Their comments in the draft environmental impact statement for Biscuit urged keeping timber sales out of inventoried roadless areas, undeveloped portions of the Siskiyou National Forest where the salvage plan calls for logging 12,355 acres to produce 200 million board feet out of the total 518 million board foot harvest.
Fish and Wildlife characterized the roadless areas as "strongholds for populations of threatened and endangered species," adding that the fire did not destroy their potential to being designated wilderness, where logging is not allowed, and serving as important habitat.
Logging within roadless areas would open them to invasion by nonnative species and the spread of a disease that kills Port Orford cedar, Fish and Wildlife said.
After burning 500,000 acres in southwestern Oregon, the Biscuit fire has become the focus of an intense debate over whether it is better to log burned timber to speed up restoration of fish and wildlife habitat, as the Forest Service and timber industry want to do, or leave forests to recover naturally, as environmentalists and some ecologists advocate.
The Siskiyou had originally planned to stay out of roadless areas, avoiding confrontations with environmental groups, but decided to enter them when it raised the harvest level to 518 million board feet based on a report from Oregon State University logging professor John Sessions and others.
Forest Service officials have since said they expect to be sued over the plan to log in roadless areas, which were set aside from logging under a Clinton administration policy the Bush administration does not embrace.

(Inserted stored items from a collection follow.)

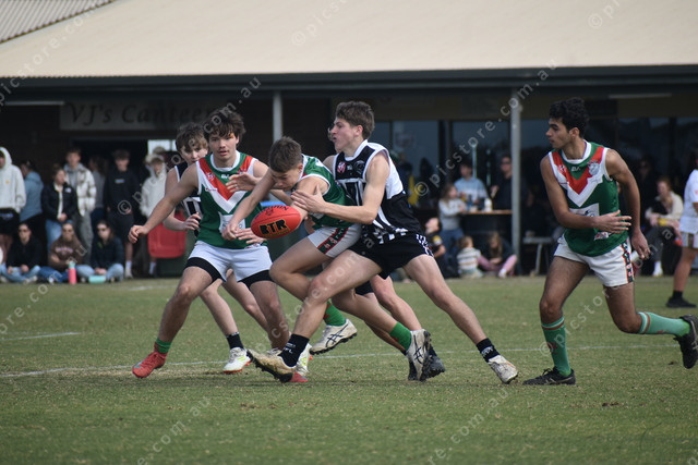 Mallala’s Lucas Pratt clashes with Virginia’s Jett Delany. (499747)
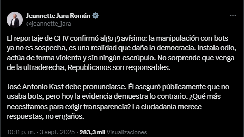 “El reportaje de CHV confirmó algo gravísimo: la manipulación con bots ya no es sospecha, es una realidad que daña la democracia”, sostuvo.
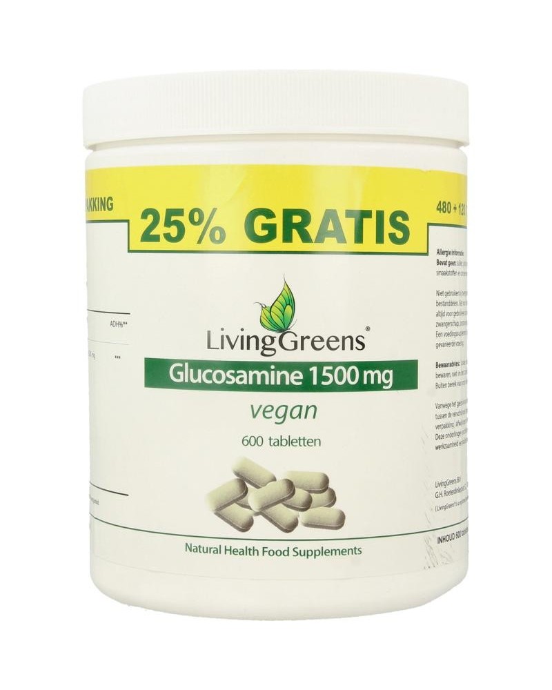 Glucosamine Sulfaat 2KCL, vulstof: microkristallijne cellulose, hulpstoffen: sodium carboxymethylcellulose, antiklontermiddel: magnesium stearaat, coating: HPMC.

Fish and Wildlife noted that the Forest Service's conclusion that the salvage logging would "not adversely affect" spotted owls or marbled murrelets, both threatened species, was not consistent with Fish and Wildlife's biological opinions, adding consultations would be required under the Endangered Species Act.

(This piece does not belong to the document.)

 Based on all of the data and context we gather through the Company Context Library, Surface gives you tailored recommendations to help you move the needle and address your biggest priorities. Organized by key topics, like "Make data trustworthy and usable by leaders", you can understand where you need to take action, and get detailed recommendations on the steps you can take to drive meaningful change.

Specifically, there is evidence that spotted owls continue to nest and hunt in forests heavily burned by wildfire, Fish and Wildlife said.
However, Fish and Wildlife field supervisor Craig Tuss in Roseburg said there did not appear to be anything that could not be worked out, and enough work has already been done that changes would be unlikely to delay the final environmental impact statement scheduled for April.
"The level of effect is really the important issue here," said Tuss. "The only time an action would be precluded is if there was a jeopardy determination made — that the action would jeopardize the species. That's not what we're talking about here.
"We are saying there's an effect. The forest agrees with that. If there is an adverse effect, it means we need to complete a biological opinion with the forest and do an analysis," Tuss said.
Tom Link, the Biscuit salvage project manager, said he could not comment on any of the 23,000 comments received, but the final environmental impact statement due in April would likely include changes suggested by some of them.
Fish and Wildlife noted that research by U.S. Bureau of Land Management biologists on the nearby Timbered Rock fire had found eight pairs of spotted owls still nesting and hunting for food in areas that burned, compared to 12 pairs before the fire.
"An average of 45 percent of the suitable spotted owl habitat within 0.25 miles burned at these sites, and four sites had more than 70 percent of the site burn severely, and yet those birds continued to occupy the site," Fish and Wildlife wrote.
Fish and Wildlife also suggested leaving many more downed logs on the ground around spotted owl habitat, because research indicates they are important for producing healthy populations of prey for the owls to eat.
The agency also expressed reservations about plans to heavily thin 400-wide swaths of forest to slow the spread of future fires. Instead, Fish and Wildlife suggested taking advantage of natural features of the landscape, such as rock outcroppings, and leaving standing dead trees on ridges that are used as roosts by bats.